In the IBD tread, Andy comments that Quill’s Simon Sez method of making Buy/Sell decisions seems to be based on ‘value investing’ (really, ‘mean reversion’) and the IBD method is based on ‘momentum’. If that’s the case, how might one go about finding ‘value stocks’, aka, good candidates for Simon Sez?
FinViz offers a means to run technically-based screens. If you select “Stocks”, apply a common sense filter such as “Priced over $1”, and ask to see only those that are “RSI (14) Oversold(30)”, then 361 are returned today. That’s too many charts to look. So, sort the stocks by “Industry” and look at just the industries that might interest you.
When you hover the mouse cursor over the stock ticker, a 3-month chart appears in a popup window. If the stock is in a precipitous, waterfall decline and seems to be headed toward zero, PASS. But if the chart is “orderly” and prices seem to be merely very over-sold or even bottoming, then maybe you’ve found something that might be worth digging into both fundamentally and technically. Like, why are ALB, CX, TGLS, and JELD crashing and when might the selling cease? What about CE, GPRE, GURE? Why EAF, AVO, NWL, or EL?
Here’s the ‘snowflake’ for EL. (A forecasted growth rate of 33% is decent, right?)
Here’s where things get interesting. Notice the six upward waves and that the last one fizzled out pretty quickly.
Someone, for some reason, is selling this stock down very peristently. Why? In fact, the selling has pushed the price down to its Oct '23 level.
If a combo of fundamentals and techincals susggests that the price for EL won’t go much lower, then --possibly-- a low-risk entry point has been identified. In other words, if EL makes it back above $113-$114, then the higher probability bet is EL has bottomed and will go higher.

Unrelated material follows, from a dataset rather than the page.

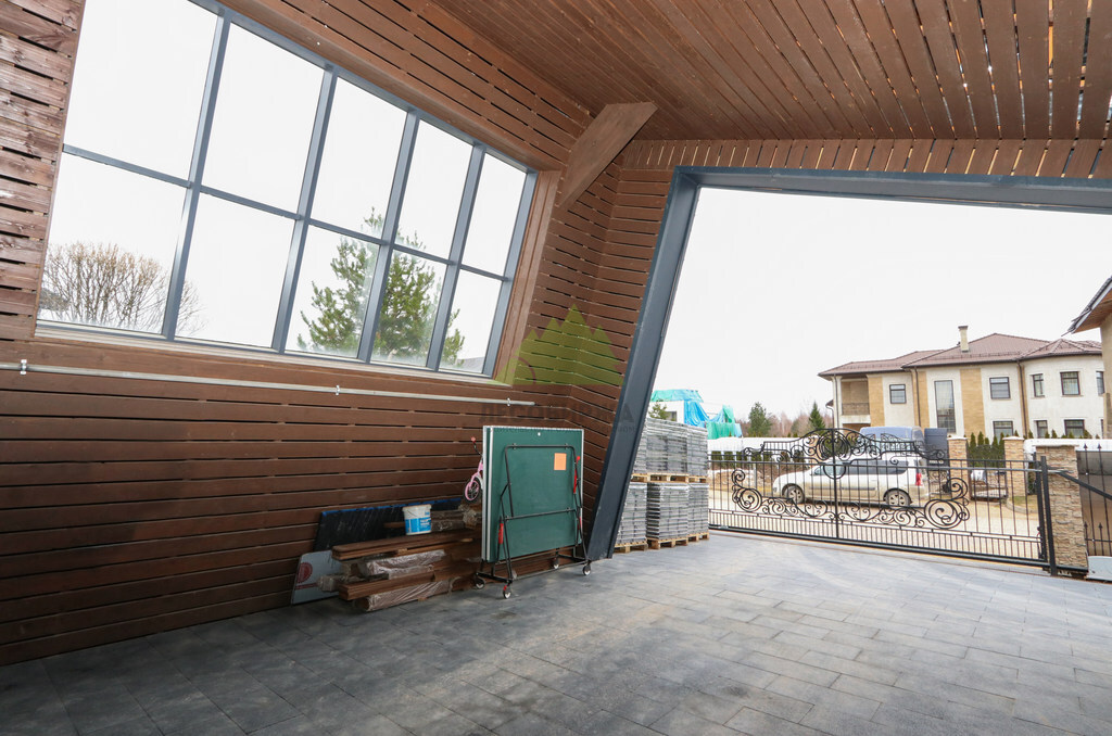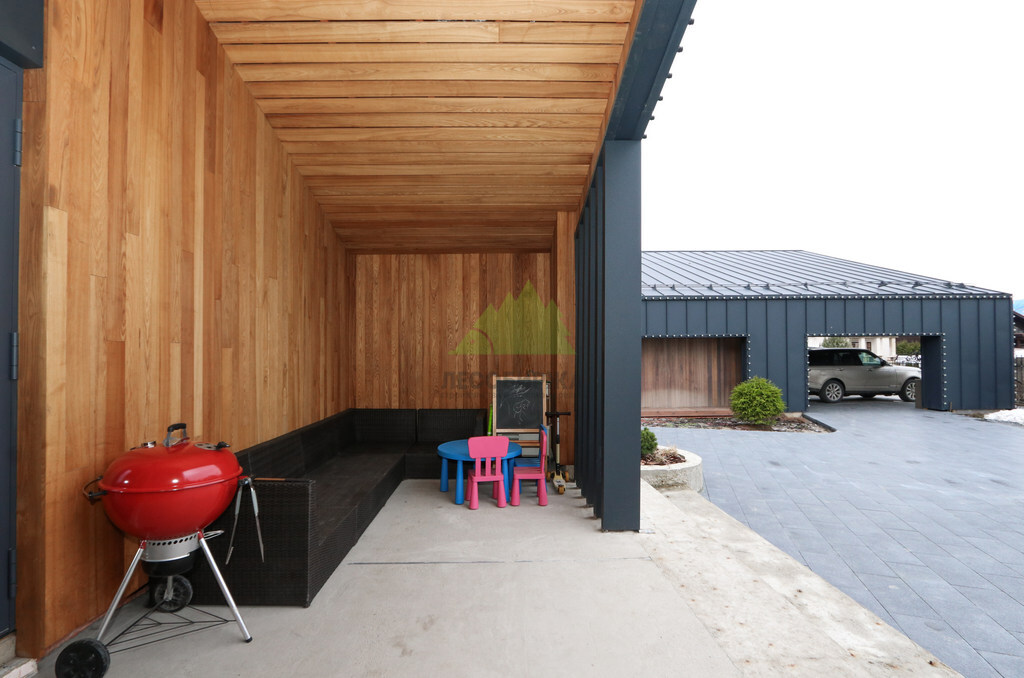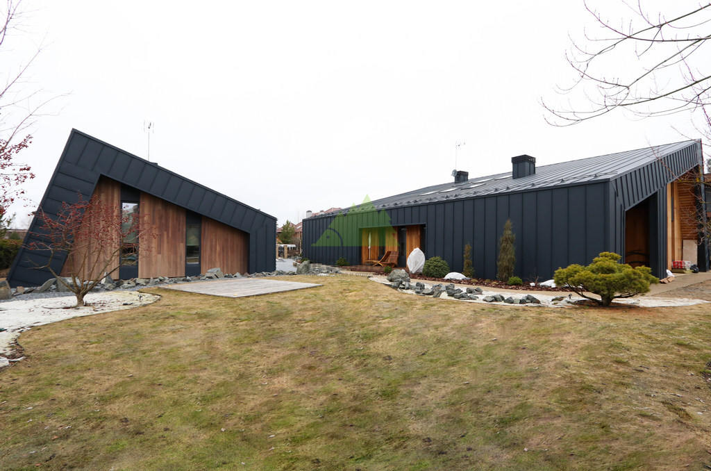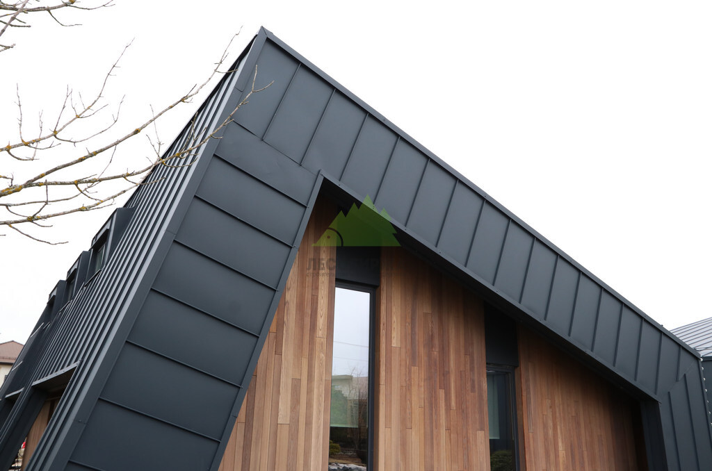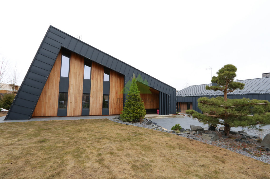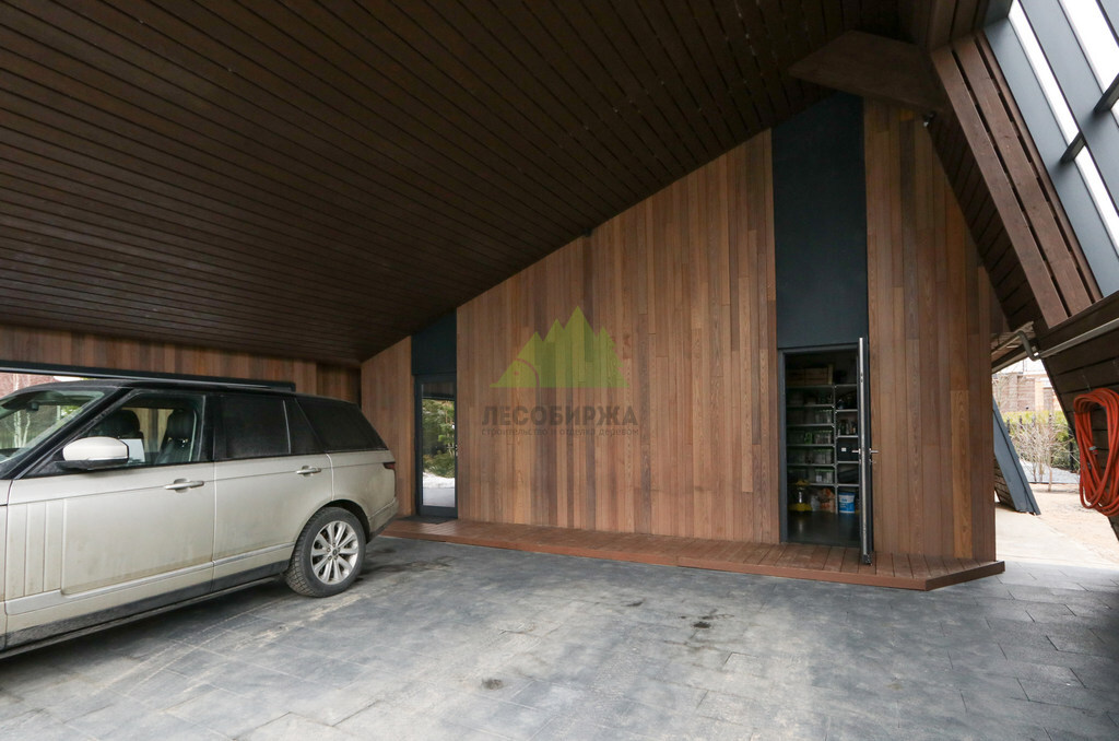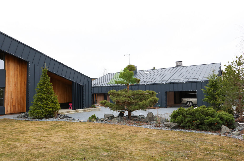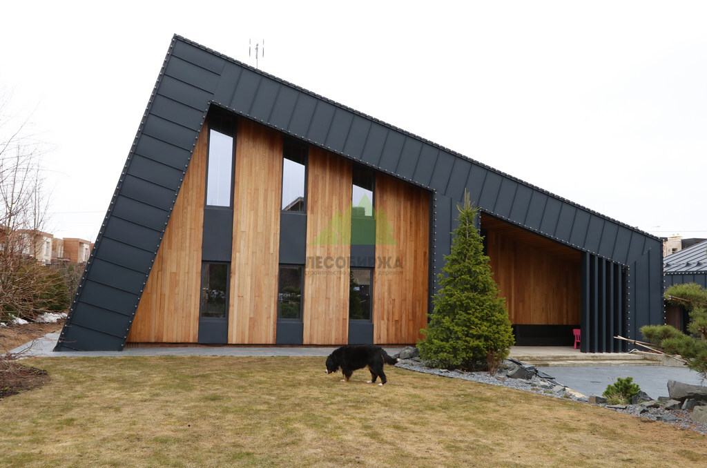 Основой для внешней отделки стали прямой планкен из термоясеня и фальцевые листы. Выбор термоясеня был продиктован его выдающимися эксплуатационными характеристиками и неповторимой текстурой. Планкен монтировался вертикально, "вразбежку", с использованием панелей различной длины и ширины, что добавило фасаду динамичности и оригинальности. Этот подход позволил создать нетривиальный рисунок, уходящий от стандартных решений и подчеркивающий индивидуальность дома.

This same procedure can be applied to any stock. All is takes is a bit of charting and a guess that when things get too over-sold, the selling will cease and prices will recover. That’s when a value investor (or a Simon Sez trader) wants to be in there buying. Not agressively, but with an opening position that is appropriate to one’s account size, investing objectives, and tolerance for risk.